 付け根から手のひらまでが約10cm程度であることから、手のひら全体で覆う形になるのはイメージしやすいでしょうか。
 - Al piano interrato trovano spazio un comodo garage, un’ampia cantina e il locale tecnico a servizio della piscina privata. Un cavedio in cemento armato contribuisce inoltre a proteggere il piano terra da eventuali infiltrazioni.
* * *
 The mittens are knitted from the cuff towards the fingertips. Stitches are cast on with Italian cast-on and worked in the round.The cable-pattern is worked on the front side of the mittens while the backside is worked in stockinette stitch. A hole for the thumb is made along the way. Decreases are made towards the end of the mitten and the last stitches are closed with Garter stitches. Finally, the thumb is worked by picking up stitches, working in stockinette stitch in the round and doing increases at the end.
...
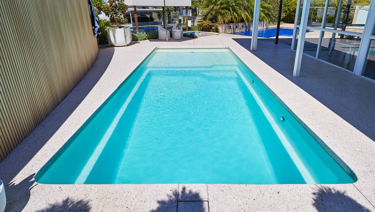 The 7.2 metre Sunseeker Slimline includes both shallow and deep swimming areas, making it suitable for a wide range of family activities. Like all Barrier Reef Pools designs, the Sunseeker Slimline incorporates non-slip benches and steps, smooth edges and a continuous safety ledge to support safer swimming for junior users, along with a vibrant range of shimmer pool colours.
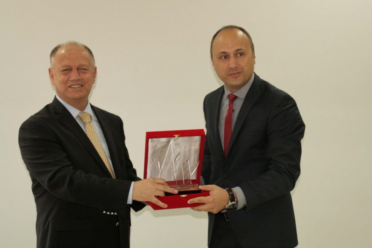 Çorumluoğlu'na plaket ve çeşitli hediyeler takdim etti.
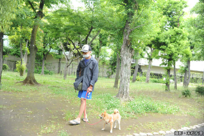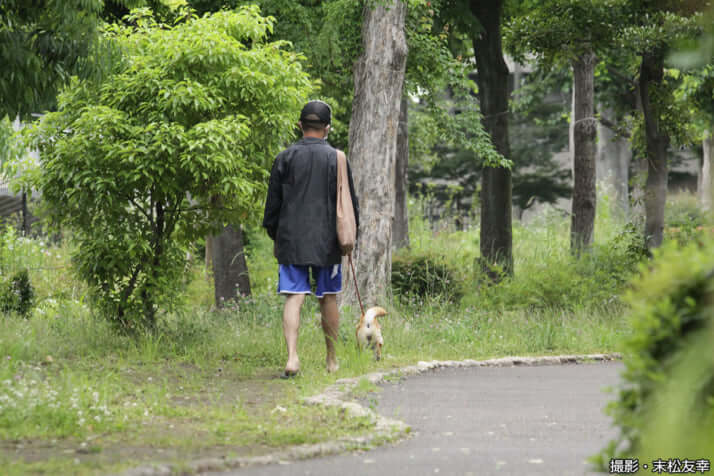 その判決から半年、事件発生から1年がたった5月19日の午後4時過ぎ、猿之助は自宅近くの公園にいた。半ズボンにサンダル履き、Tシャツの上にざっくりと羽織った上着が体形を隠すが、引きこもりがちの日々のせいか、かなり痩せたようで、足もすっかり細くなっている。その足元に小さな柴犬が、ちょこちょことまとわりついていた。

■ Exercise prompt ■
Among the records above, extract exactly the lines from the line with "付け根から手のひらまでが約1" to the line with "- Al piano interrato", both lines included, and leave out the rest.

■ Solution ■
 付け根から手のひらまでが約10cm程度であることから、手のひら全体で覆う形になるのはイメージしやすいでしょうか。
 - Al piano interrato trovano spazio un comodo garage, un’ampia cantina e il locale tecnico a servizio della piscina privata. Un cavedio in cemento armato contribuisce inoltre a proteggere il piano terra da eventuali infiltrazioni.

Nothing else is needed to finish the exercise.